- Born: April 26, 2001 (age 23) Labuništa, Macedonia
- Genres: Folk
- Occupation: Singer
- Instrument: Vocals

= Menil Velioski =

Macedonian folk singer

Menil Velioski (Менил Велиоски; born 26 April 2001) is a Macedonian folk singer. He became well known in the region of former Yugoslavia after participating in the show "Neki novi klinci", which was aired on the television channels Prva Srpska Televizija and Televizija OBN. "Neki novi klinci" is a TV show in which young singers under the age of 16 compete with each other and the winner receives two songs from the Serbian label Grand Production.

== Biography ==

Velioski was born in 2001 in Labuništa, a village in the southwestern region of the North Macedonia. Shortly after his birth, his family moved to Nova Gorica, Slovenia. Velioski is currently living and attending high school there.

Velioski started his musical career at the age of six, after his father bought him a keyboard. In the same interview, he said that his father is also a musician and has been his main inspiration. Velioski appeared in February 2016 in the show "Neki novi klinci" and his interpretations of the songs "Nisam te ponizio" by Šerif Konjević and "Dva galeba bela" by Šaban Šaulić caught the attention of many people in the region of former Yugoslavia, and the video of his performance has been watched over a million times on YouTube.

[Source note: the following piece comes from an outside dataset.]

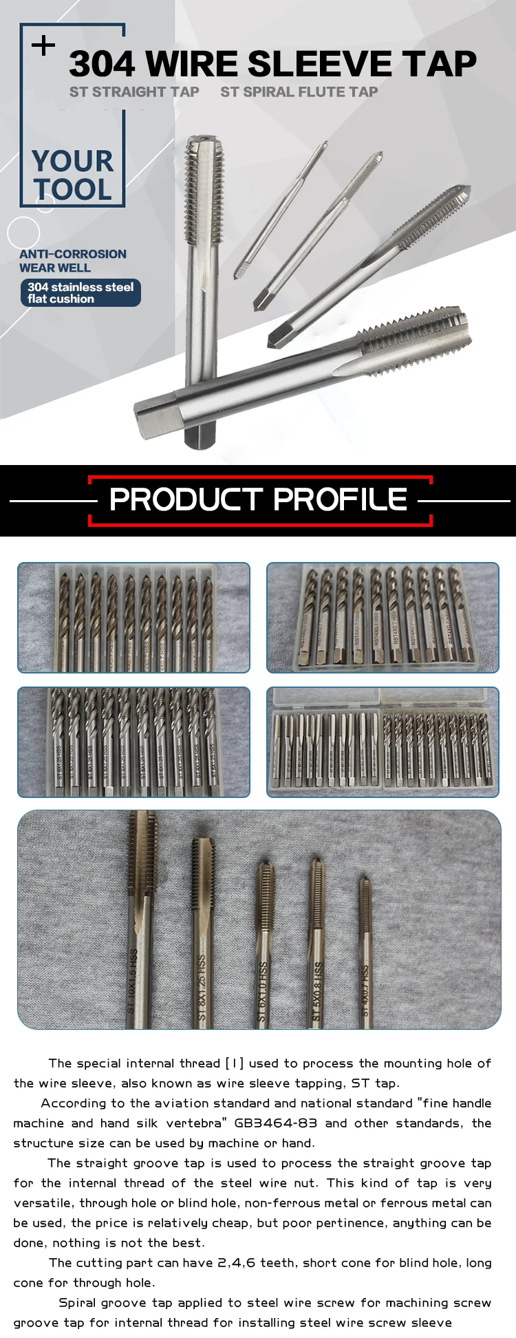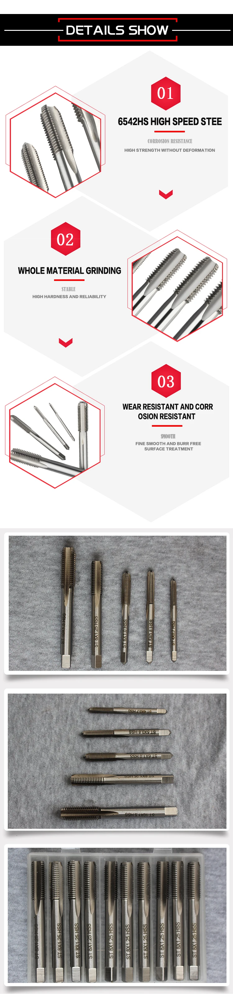 | Size: | ST 10X1.5,ST 8X1.25,ST 6X1.0,ST 5X0.8,ST 4X0.7; | Material: | HSS; |

Velioski eventually made it to the final round of the competition. Instead of a jury, the public determined the winner this time. Velioski and his competitor Džejla Ramović were chosen as the two final candidates and Ramović won.

Shortly after the competition, Velioski started to build his career under the management of Sabit Saša Dervišević.

On November 25, 2016, Velioski released his first single called "Prava ljubav" ("True love") on YouTube. The video exceeded one million views on December 18, 2016.

His second single - called "Ja sam je samo voleo" - was released in September 2017. This was followed by the duet "Drama" with singer Tea Tairović in November 2017 and "Tron" in September 2018.